Pursuant to the terms and conditions of Section E.7. of the Frozen Plan, a Participant may elect a one-time accelerated distribution of all or any portion of the Grandfathered Benefits credited to him or her under the Plan, subject to a mandatory ten-percent forfeiture of the amount for which the accelerated payment request is made and all other requirements of Section E.7 of the Frozen Plan. A Participant shall not be entitled to an accelerated distribution under this paragraph with respect to any amounts credited to him or her under the Plan other than Grandfathered Benefits, if any.

8. Extended Deferral of Future Benefit Payments

(a) Grandfathered Benefits.

Pursuant to the terms and conditions of Section E.8 of the Frozen Plan, a Participant may make a one-time, irrevocable election with respect to each Deferral Account to postpone the date on which a scheduled distribution of Grandfathered Benefits from the Deferral Account would otherwise be made. Such an election is subject to all requirements of Section E.8 of the Frozen Plan. Except as provided in subparagraph (b) below, a Participant shall not be entitled to postpone the scheduled distribution date of any amounts credited to him or her under the Plan other than Grandfathered Benefits. A Participant shall not be entitled to make the election provided in subparagraph (b) or subsection 9 below with respect to any Grandfathered Benefits.

(b) Benefits other than Grandfathered Benefits.

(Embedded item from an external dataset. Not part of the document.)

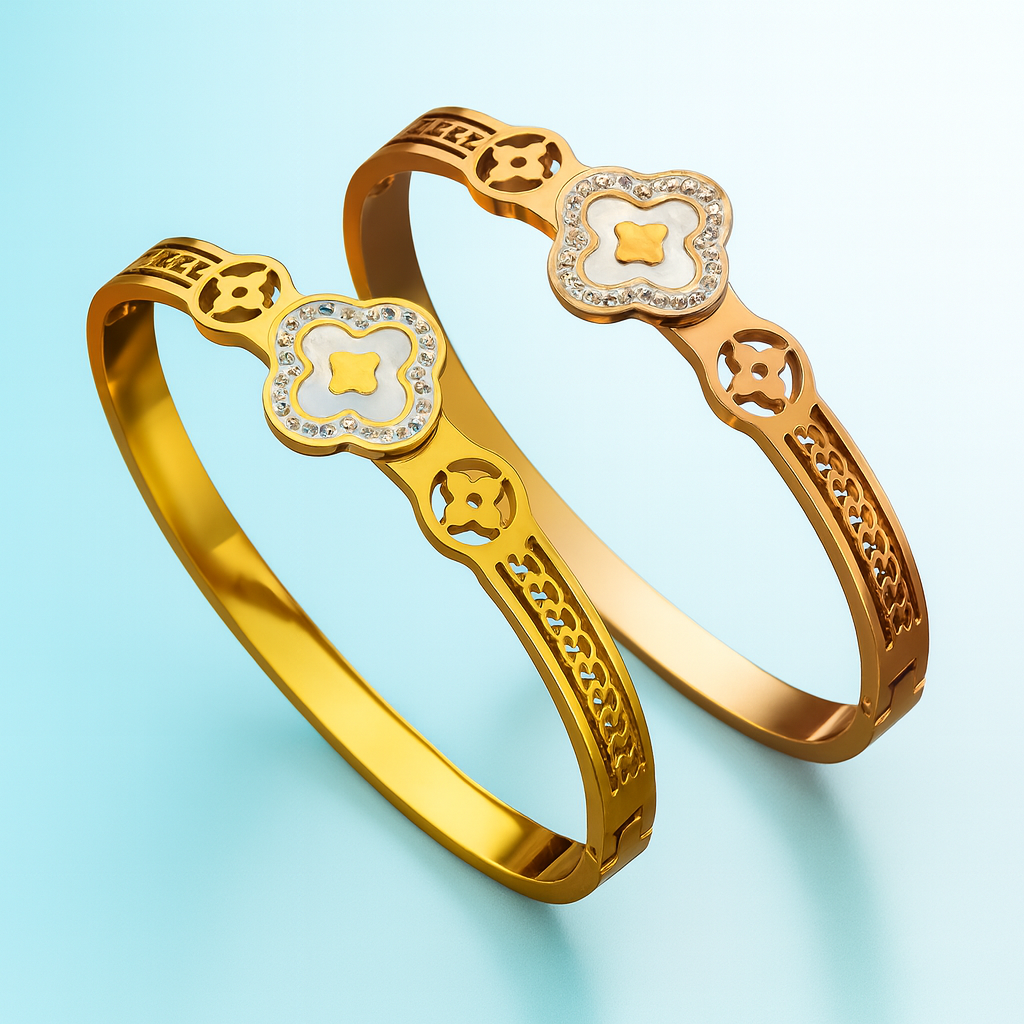 Get ready to steal the spotlight with the Erin Gold Plated White Clover charm Zircon Cuff Bracelet Bangle! Made for today's classy and adventurous ladies, this bracelet blends sophistication with toughness. Worried about allergies or staying dry? Don't be! This bracelet is hypoallergenic and waterproof. You'll be the talk of the town with its stunning embellishments and versatility.

A Participant may elect with respect to each Deferral Account to postpone the scheduled payment date or change the form of payment (lump sum to installments, installments to lump sum or different number of installments) of amounts deferred on or after January 1, 2005 (and any earnings or losses thereon determined pursuant to Section F above) in accordance with the requirements of this subparagraph (b).

A new payment election may be made pursuant to this subparagraph by completing and submitting a new Payment Election Form to the Committee. The new payment election shall not take effect until twelve months after the date on which the election is made.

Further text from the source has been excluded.